Utah Lake... carp and catfish are above the law governing slime rockets so they'll always be available.


----------



## JAT83 (Sep 9, 2007)

Riverrat77 said:


> Utah Lake... carp and catfish are above the law governing slime rockets so they'll always be available.


That's funny right there! :lol:


----------



## mjschijf (Oct 1, 2007)

:lol: 

As long as Quail Creek and Sand Hollow are available to fishing, I will continue to buy my yearly Utah fishing license. 
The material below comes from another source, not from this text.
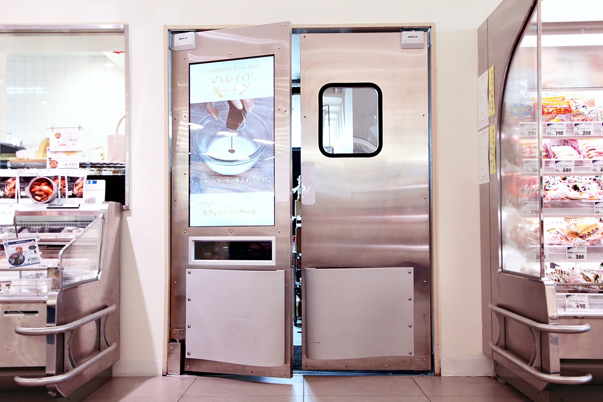 ユニフローは、スーパーマーケットをはじめとする流通業界のお客様を中心に、店舗空間の安全性と快適性を支える製品を提供しています。2023年からは新しい提案として、より店内と一体化したサイネージスイングドアを販売しています。

I'm still a bit confused about the new legislation. I've read a bunch of stuff on here but I guess it's still not very clear. Can someone sum it up for me in a paragraph or two?


----------



## Grandpa D (Sep 7, 2007)

Landowners win, Sportsmen loose! 

[The above statement is the sole opinion of the poster and does not necessarily reflect the opinion of this forum or any member of said forum.]


----------



## Packfish (Oct 30, 2007)

If this does pass and the DWR backs it as it stands I will not purchase another combo license. Personally that will hurt me- though I do quite a bit of stillwater fishing and have recently purchased boat, motor, trailer (2) and this should not affect my right to do that- I still won't do it here it Utah-Somewhere you have to make a stand whether it directly effects you or not.


----------



## Riverrat77 (Sep 7, 2007)

So basically, if it goes through, any stream that runs through private property is off limits to the walking fisherman? It will undo what we were just all excited to get passed right? If you fish public streams anyway, that are all on NF or BLM ground, then it doesn't affect that at all right?


----------



## HighNDry (Dec 26, 2007)

It's a little more complicated than that. I wish I had the time to spell it out to you, but I don't right now. One point in a nutshell, is that your tax dollars, license fees and money generated for fishing are going to a DWR that wants to use it to enhance public waters running through private ground. You do not have access to use that resource if the bill is passed so why support the DWR in funding a private landowners own section of stream or river. It doen't make sense to lock out the very people who help fund these waters.


----------



## troutscout (Feb 12, 2009)

The new bill will do a few things. There will be a list of rivers and streams that people will be granted use, 17 of them i believe. These are mainly rivers running through people's private property. All over rivers running through PP will be out. The big kicker is even on those 17 rivers people living within 500 feet of the river can post no trespassing signs to keep us off the river, even if they don't own the adjacent property. This will take out huge chunks of rivers like the weber, lower/middle provo, odgen, any where there are houses by the river. The worst part is the the DWR, who we pay our fees too, is supporting this bill. Everyone needs to write, call, go visit their reps and get the word out that this isn't acceptable at all! 

^^ike


----------



## Nor-tah (Dec 16, 2007)

Who can we contact at the DWR. This in unexusable and makes me livid. :evil: I am so dissapointed with out DWR. It is all politics with them and we are ALWAYS put last when we are why they have jobs. 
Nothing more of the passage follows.